Justices Reject Colorado Law Banning ‘Conversion Therapy’ for L.G.B.T.Q. Minors
“The state and more than 20 others restrict therapists from trying to change the gender identity or sexual orientation of L.G.B.T.Q. clients under the age of 18.

The Supreme Court on Tuesday sided with a Christian therapist, rejecting a Colorado law that prohibited mental health professionals from trying to change the sexual orientation or gender identity of L.G.B.T.Q. minors.
The court’s decision has implications for more than 20 other states that have similar laws barring so-called conversion therapy, which critics say is ineffective and potentially dangerous for young people.
In its decision, the court said the law, as applied to talk therapy, impermissibly interferes with free speech.

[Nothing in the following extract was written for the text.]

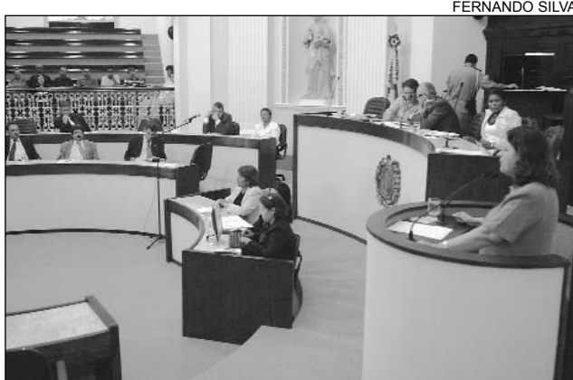
PRAZO - Deputada lamentou pouco tempo para o debate

“Colorado may regard its policy as essential to public health and safety,” Justice Neil M. Gorsuch wrote for himself and seven other justices from across the ideological spectrum. “But the First Amendment stands as a shield against any effort to enforce orthodoxy in thought or speech in this country.”
Only Justice Ketanji Brown Jackson dissented, reading a lengthy summary of her opposition from the bench.
Justice Jackson warned of the broader implications for medical care that she said could be “catastrophic” if states cannot regulate some kinds of speech by licensed professionals.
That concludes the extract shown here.